The first question can be answered with the existing
ReflectionType::isBuiltin() method. The fact that the second is
currently difficult to answer doesn't seem to have anything to do with
reflecting type hints.
It seems like if there was a use case for "is this type hint a currently
defined or autoloadable class / interface?" it would ideally be written
something like this:
if ( ! $type->isBuiltin() && object_type_exists($type->getName()) )
The term "object type" being bikesheddable as a way of encompassing your
hypothetical enums or other future "class-like" types.
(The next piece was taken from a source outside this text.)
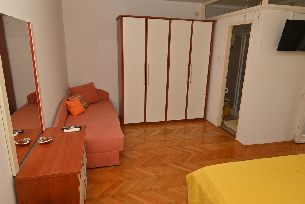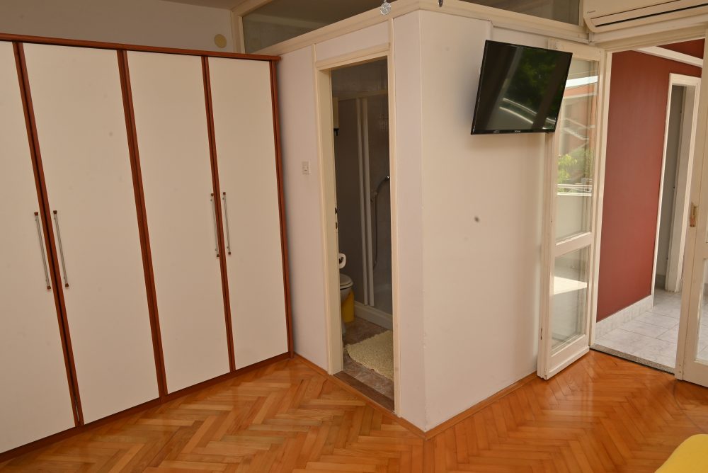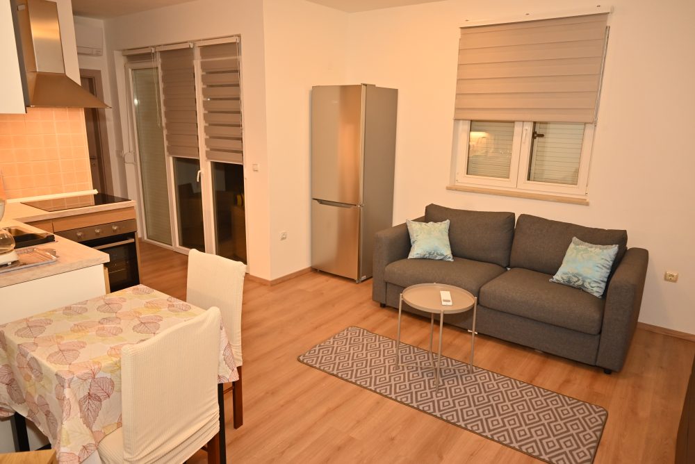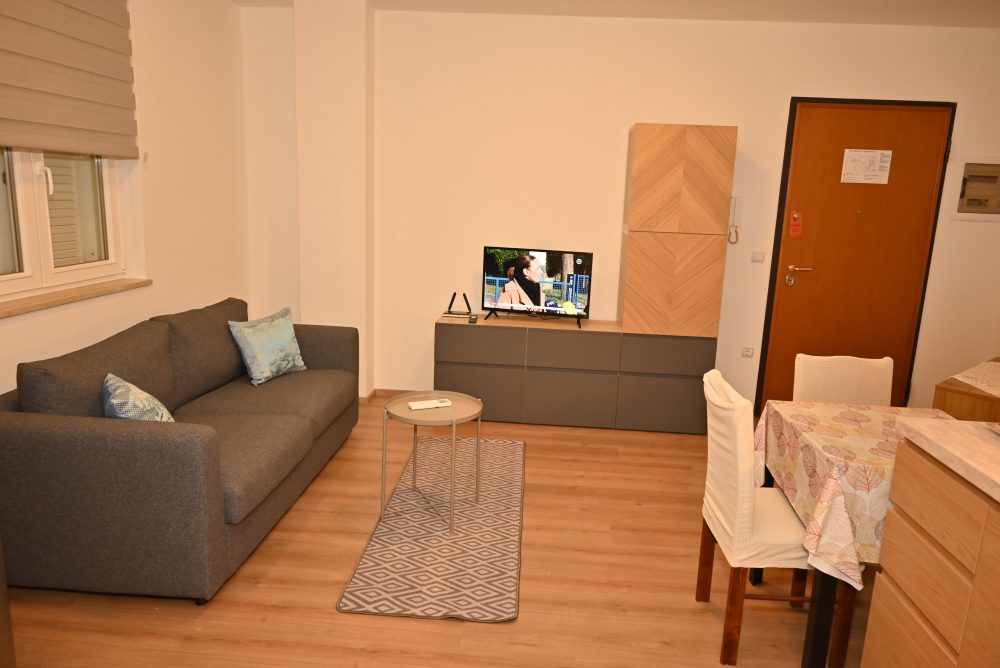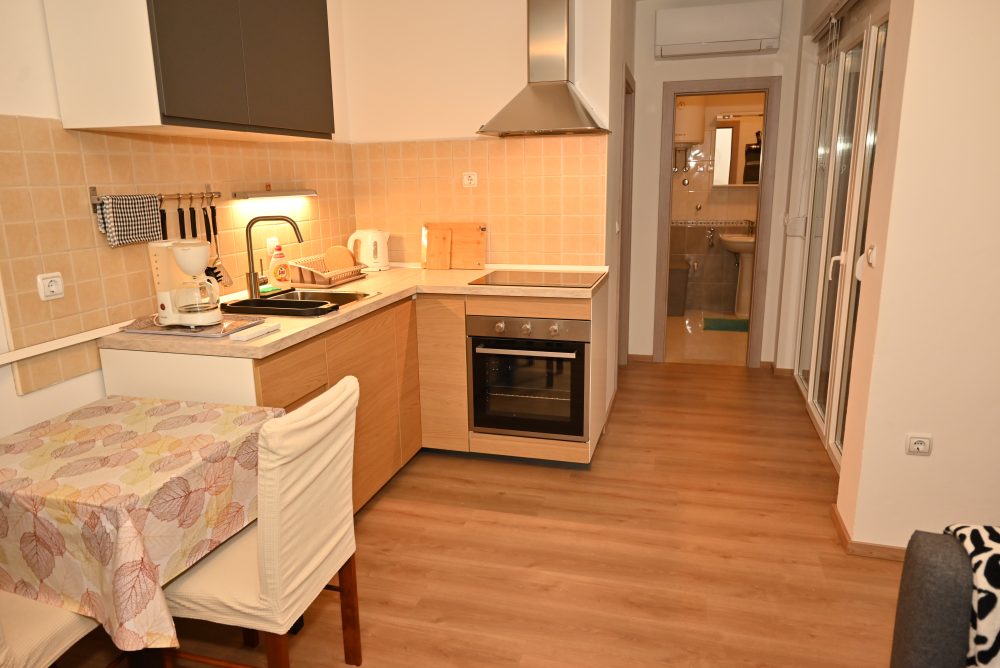 - Amenities: Air conditioner, Balcony, Bathroom, Bedclothes, Coffee maker, Cooking plates, Couch, Cutlery, Free Wi-Fi, Hair dryer, Kettle, Kitchen, Kitchen table, Kitchen utensils, Refrigerator, Seating area, Shower cabin, Sleeping room, Socket next to the bed, Toilet, Toilet paper, Towels, TV, Wardrobe, Wooden or parquet floor

Of course, the
fact that "class_exists" and "ReflectionClass" use different definitions
of "class" already is somewhat awkward...
Or if the aim is to simplify the reflection usage, why require the if
statement at all:
try {
$r = $type->getReflectionClass();
} catch ( ReflectionException $e ) {
// type is builtin or refers to an undefined class
}
Regards,
--
Rowan Collins
[IMSoP]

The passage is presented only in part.